A wonderful British woman named Jill Briscoe taught me (along with the rest of the radio listeners) about the deep place, where only God lives… and tonight I listened.
I sat down on the doorstep of my heart and thought about listening.
I thought about how full my heart was… the Lord has given me so much to fill it with… and then I try to shove alot of other things on top of it! With that thought came a tumult of cares and people and situations – most of which are out of my control. It was so loud that I finally burst into tears. When the tears stopped I sat in the silent loneliness of the moment.
On the doorstep of my heart, there is a loneliness that hangs about, like summer sunshine without any breeze – the air can get stale.
Just as I thought about leaving, I remembered – I am not alone.

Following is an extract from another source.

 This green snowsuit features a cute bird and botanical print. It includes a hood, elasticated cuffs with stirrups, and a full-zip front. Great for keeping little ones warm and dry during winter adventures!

“Where is Jesus? I know that He lives here.”
That was when I noticed the watering can sitting beside the garden of my heart… a twinge of guilt stung my heart, but with it awoke a desire even stronger. So strong, I had to act on it. Jesus loves to garden and He lets me help.

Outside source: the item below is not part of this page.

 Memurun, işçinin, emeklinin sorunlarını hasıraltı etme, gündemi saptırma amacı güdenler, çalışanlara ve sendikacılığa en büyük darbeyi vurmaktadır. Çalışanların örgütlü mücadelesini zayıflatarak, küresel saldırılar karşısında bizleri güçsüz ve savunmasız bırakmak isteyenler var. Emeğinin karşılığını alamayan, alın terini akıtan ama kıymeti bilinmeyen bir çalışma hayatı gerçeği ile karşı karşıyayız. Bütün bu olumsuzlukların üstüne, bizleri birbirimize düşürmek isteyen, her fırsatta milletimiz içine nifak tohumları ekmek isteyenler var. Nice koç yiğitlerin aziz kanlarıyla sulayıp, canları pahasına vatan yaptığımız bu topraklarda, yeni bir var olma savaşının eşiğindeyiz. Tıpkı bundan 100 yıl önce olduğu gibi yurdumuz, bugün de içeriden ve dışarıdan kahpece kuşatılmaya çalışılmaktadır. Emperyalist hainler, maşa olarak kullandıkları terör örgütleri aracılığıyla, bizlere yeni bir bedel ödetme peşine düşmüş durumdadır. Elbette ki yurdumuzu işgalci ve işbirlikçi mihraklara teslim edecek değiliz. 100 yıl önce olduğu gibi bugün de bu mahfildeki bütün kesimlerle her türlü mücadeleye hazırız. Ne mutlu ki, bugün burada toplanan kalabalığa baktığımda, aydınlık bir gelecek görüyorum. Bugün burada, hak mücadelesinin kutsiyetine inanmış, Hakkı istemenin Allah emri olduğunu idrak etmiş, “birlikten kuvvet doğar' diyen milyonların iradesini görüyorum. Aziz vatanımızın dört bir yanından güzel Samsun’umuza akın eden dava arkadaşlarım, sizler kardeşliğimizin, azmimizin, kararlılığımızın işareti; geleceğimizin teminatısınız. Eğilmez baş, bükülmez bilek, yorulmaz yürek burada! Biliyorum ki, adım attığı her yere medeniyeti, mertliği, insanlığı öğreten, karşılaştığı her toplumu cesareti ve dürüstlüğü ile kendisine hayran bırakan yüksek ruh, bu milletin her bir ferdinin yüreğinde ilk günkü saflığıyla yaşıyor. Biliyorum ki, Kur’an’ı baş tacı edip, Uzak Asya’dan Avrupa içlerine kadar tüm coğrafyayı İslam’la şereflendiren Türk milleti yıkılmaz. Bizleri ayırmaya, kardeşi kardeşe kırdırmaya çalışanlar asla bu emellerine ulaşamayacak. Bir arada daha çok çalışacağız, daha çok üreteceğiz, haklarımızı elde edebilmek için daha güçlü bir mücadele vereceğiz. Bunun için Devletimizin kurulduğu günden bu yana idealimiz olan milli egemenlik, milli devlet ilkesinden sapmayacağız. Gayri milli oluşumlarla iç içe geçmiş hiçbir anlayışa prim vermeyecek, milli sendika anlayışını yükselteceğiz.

The watering can was full and I knew He wanted me to water the flowers of my heart.
The weeds were trying to steal the nutrients from the good seeds.
As I took up the can a delicious breeze kissed my cheek, so gently that if I hadn’t been about the Gardner’s work I would’ve missed it.
I heard Him somewhere in my heart, whistling while He sorted through a box of broken hopes and secret dreams… He know to keep and what to throw out.
I was anxious to get down to business, and see everything come to right, but sorting through the dust and disarray of love and hurt in life takes time.
He has given me a task and I need to do it.
So today, I water the garden of my heart with His living water and leave the heavy-hearted cleaning to the Lord.